| GIVEN INFORMATION |
####

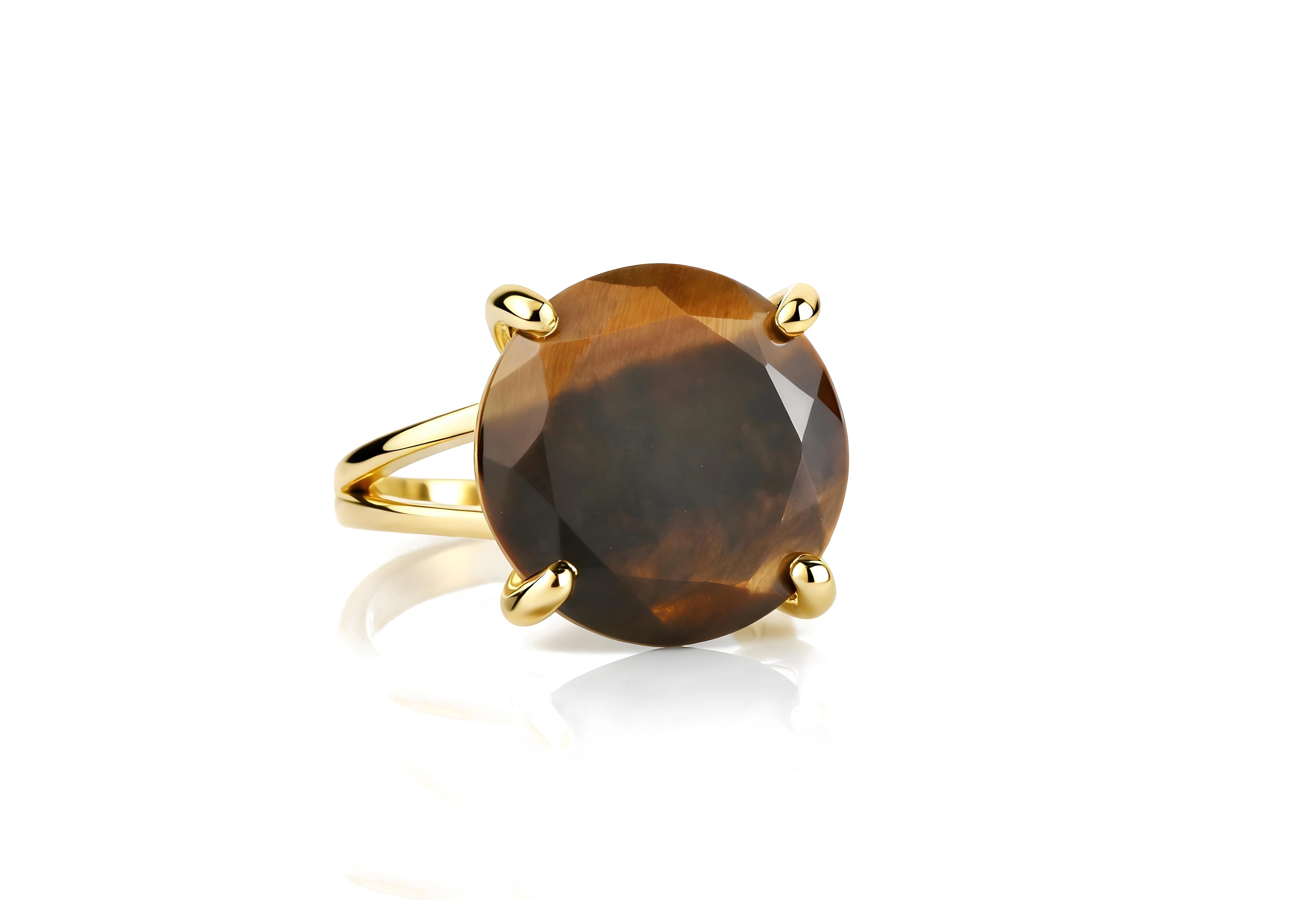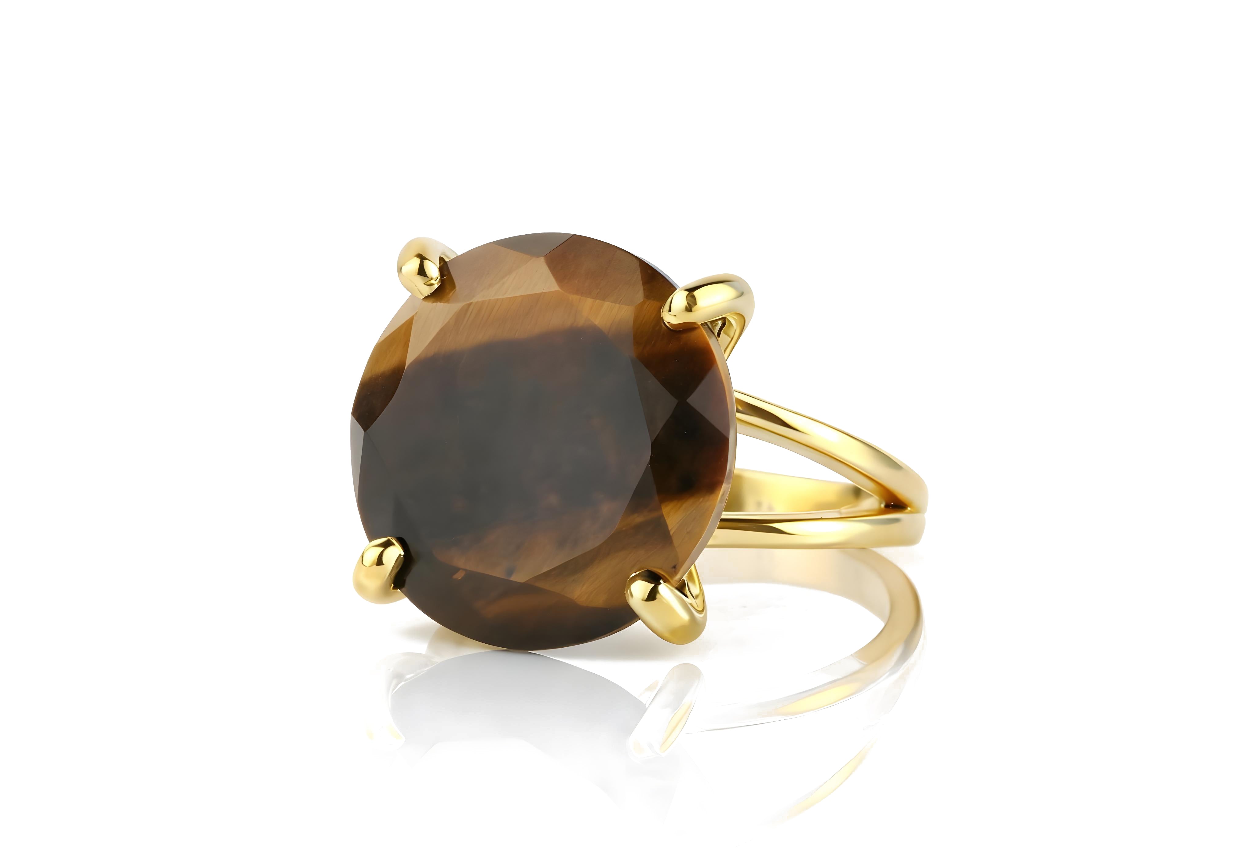 Statement 16MM Tiger Eye Crystal Yellow Gold Ring
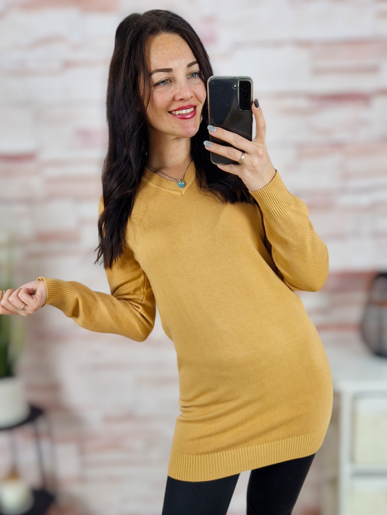 Passzés aljú és ujjú, v nyakú, gépi kötött anyagú tunika S-M-L
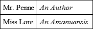 Mr. Penne – Good morning, Miss Lore. Glad to see you so prompt. We should finish that June installment for the Epoch to-day. Leverett is crowding me for it. Are you quite ready? We will resume where we left off yesterday. (Dictates.) "Kate, with a sigh, rose from his knees, and – "

####

| TASK TO COMPLETE |
Nothing but the lines from the beginning of the material through the line with "Passzés aljú és" should appear, printed exactly, with no pictures among them.

| RESPONSE AREA |
 Statement 16MM Tiger Eye Crystal Yellow Gold Ring
 Passzés aljú és ujjú, v nyakú, gépi kötött anyagú tunika S-M-L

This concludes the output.